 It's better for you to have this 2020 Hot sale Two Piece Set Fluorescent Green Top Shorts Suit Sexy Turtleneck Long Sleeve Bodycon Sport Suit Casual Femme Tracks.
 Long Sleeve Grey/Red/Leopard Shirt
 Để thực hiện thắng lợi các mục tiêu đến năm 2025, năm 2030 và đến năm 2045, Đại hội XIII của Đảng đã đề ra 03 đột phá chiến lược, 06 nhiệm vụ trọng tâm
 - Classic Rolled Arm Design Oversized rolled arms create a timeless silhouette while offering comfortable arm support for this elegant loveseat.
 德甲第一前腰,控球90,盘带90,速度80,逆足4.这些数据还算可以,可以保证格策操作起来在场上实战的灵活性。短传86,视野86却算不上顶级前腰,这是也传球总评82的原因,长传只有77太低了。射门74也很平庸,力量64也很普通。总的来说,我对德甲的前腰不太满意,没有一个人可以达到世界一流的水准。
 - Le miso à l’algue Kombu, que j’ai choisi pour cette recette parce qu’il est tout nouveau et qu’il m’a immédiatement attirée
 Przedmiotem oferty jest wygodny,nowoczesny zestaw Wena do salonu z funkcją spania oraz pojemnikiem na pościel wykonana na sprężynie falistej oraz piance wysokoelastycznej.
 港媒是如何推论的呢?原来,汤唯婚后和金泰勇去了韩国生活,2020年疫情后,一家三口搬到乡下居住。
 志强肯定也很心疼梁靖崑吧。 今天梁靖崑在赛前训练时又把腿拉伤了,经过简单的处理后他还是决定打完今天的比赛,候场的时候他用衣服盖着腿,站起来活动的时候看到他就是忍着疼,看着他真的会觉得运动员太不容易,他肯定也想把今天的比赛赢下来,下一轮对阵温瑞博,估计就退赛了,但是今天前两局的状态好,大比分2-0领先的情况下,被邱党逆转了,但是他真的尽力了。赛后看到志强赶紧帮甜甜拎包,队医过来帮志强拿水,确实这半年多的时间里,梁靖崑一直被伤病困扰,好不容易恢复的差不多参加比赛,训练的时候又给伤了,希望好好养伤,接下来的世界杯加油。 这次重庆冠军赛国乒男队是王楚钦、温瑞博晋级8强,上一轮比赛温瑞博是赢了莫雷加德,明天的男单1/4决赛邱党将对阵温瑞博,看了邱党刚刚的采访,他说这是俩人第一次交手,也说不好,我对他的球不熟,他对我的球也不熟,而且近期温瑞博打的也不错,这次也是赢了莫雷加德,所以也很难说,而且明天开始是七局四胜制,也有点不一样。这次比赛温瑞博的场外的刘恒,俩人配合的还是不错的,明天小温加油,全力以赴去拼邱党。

==

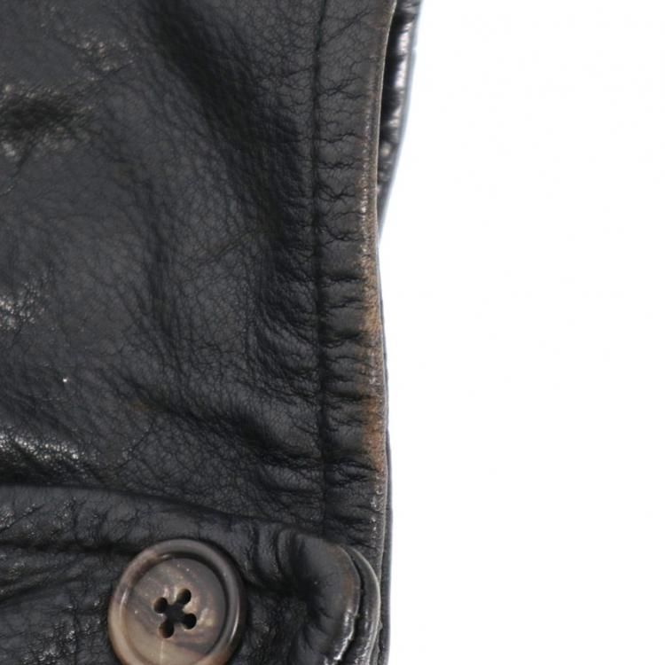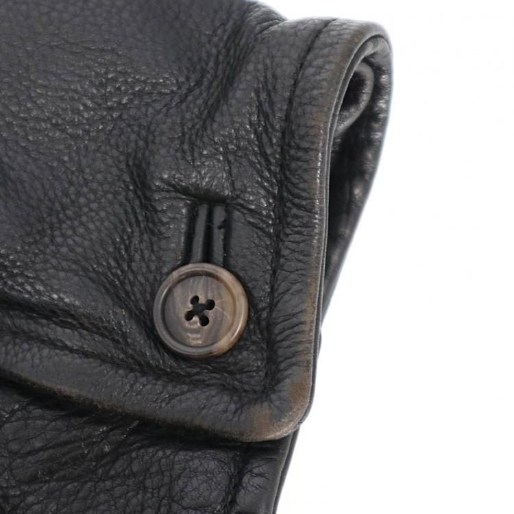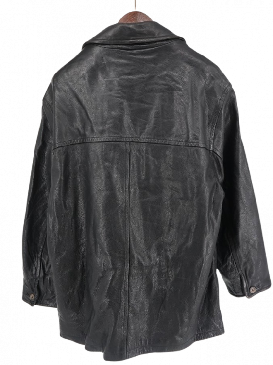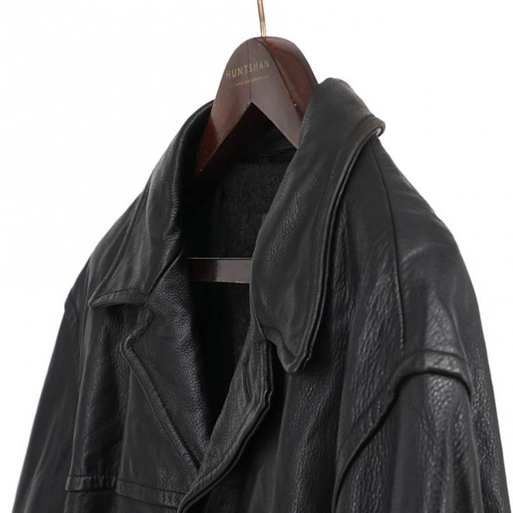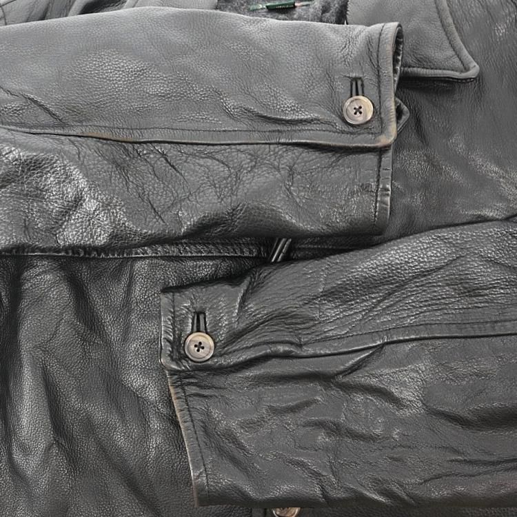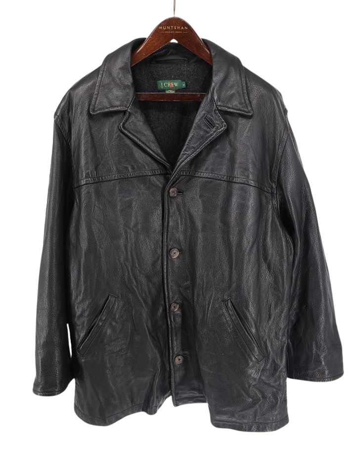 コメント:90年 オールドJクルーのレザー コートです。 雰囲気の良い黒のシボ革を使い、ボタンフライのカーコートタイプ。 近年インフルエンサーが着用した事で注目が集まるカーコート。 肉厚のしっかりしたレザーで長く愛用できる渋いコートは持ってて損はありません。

*EXERCISE REQUIREMENTS*. Only the number is wanted: how many lines in the material above contain the string "Sleeve"?

*RESPONSE TO THE EXERCISE*. 2